The Gloster Aircraft Company AS31 was a large, twin-engine, two bay biplane of all-metal construction with relatively high-power to secure good performance in tropical conditions. As a result, it could maintain flight on one engine if needed, at maximum weight and at 9,000 ft altitude.
The company advertised it stating ‘The Gloster Aircraft Co. Ltd are specialising in civil aircraft - Survey, Passenger Carrying, Freight Carrying and Postal Machines’.
The design of the Gloster AS31 had its origins within the De Havilland Aircraft Co Ltd as the DH67, the intended customer being the Aircraft Operating Co.
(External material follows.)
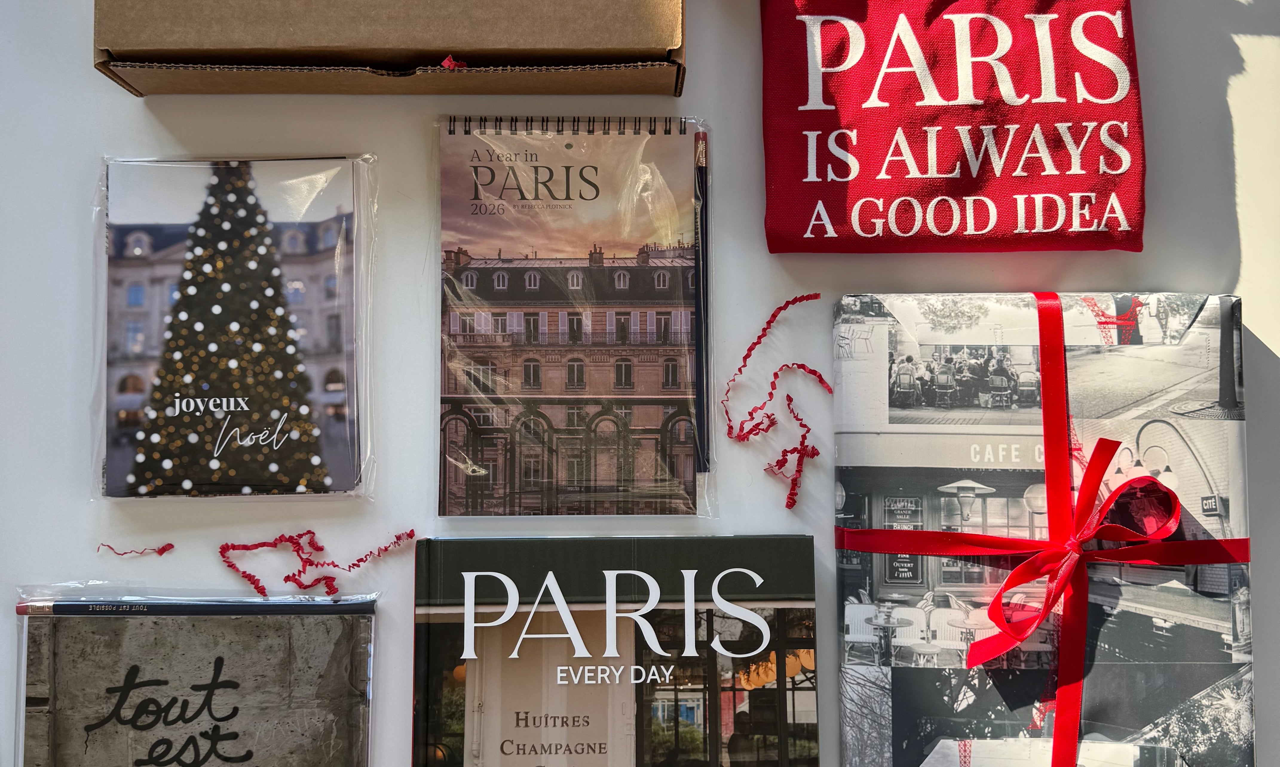 Bring Paris home for the holidays. Discover limited edition Paris Holiday Gift Boxes, curated with signed books, Paris calendars, totes, notecards, and more for the Francophile.

Ltd (a sister firm of De Havilland), as a replacement for their aging DH9's.
The DH67 in turn, was in effect a scaled down all-metal, twin-engine version of their DH66 Hercules.
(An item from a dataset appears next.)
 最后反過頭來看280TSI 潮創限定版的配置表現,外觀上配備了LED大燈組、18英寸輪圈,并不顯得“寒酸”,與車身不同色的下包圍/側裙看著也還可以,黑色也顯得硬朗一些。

The huge success of the DH Moth and production of the DH66 had resulted in a management decision, taken in November 1928, to transfer responsibility for the design to the Gloster Aircraft Co Ltd.
Gloster initially modified the DH67 aircraft, to make it more suitable for a greater multi-role use, rather than as a dedicated survey machine.  The also gave it the designation AS.31 (Aerial Survey 31) and in its final form, it bore only a superficial resemblance to the original DH design.
Prototype Gloster AS31 Survey G-AADO
An air to air photograph of the prototype Gloster AS31 Survey G-AADO.
Two airframes were built, the first aircraft (G-AADO) flying for the first time in June 1929.  It was eventually handed over to the Aircraft Operating Company on 25th January 1930, whereafter it was occasionally chartered by the Secretary for Air for various overseas visits.
The second machine (K2602) was delivered to the RAF and was allocated to Royal Aircraft Establishment (RAE) Farnborough for trials. Being delivered on 16th November 1931, it was mainly used for radio telegraphy trials.
Gloster AS31 Survey K2602
The second Gloster AS31 Survey K2602.
In March 1930, the prototype (G-AADO) was subsequently flown by De Havilland Chairman Alan S Butler from Heston to Cape Town between 20th March and 11th April 1930, achieving an average of 128 mph.
It was later used for survey work in Bulawayo during 1931, completing a survey of 63,000 square miles of Northern Rhodesia. In these operations, the aircraft demonstrated outstanding reliability before it was transferred to the South African Air Force in 1935, It remained in service until it was scrapped in December 1942.
Gloster Aircraft received interest from Egypt, who explored its potential for a bomber / reconnaissance role, although this was later abandoned.



Powerplant Two 525 hp Bristol Jupiter XI radial engines
Span 61 ft 0 in
Maximum Weight 8,570 lb
Capacity  Two or three seat – pilot, navigator and camera operator
Maximum Speed 131 mph
Cruising Speed 110 mph
Range / Endurance 495 miles, 4.5 hr at 1,000 ft; 6.5 hr at 20,000 ft



Two aircraft ony, G-AADO and K2602, neither of which survive.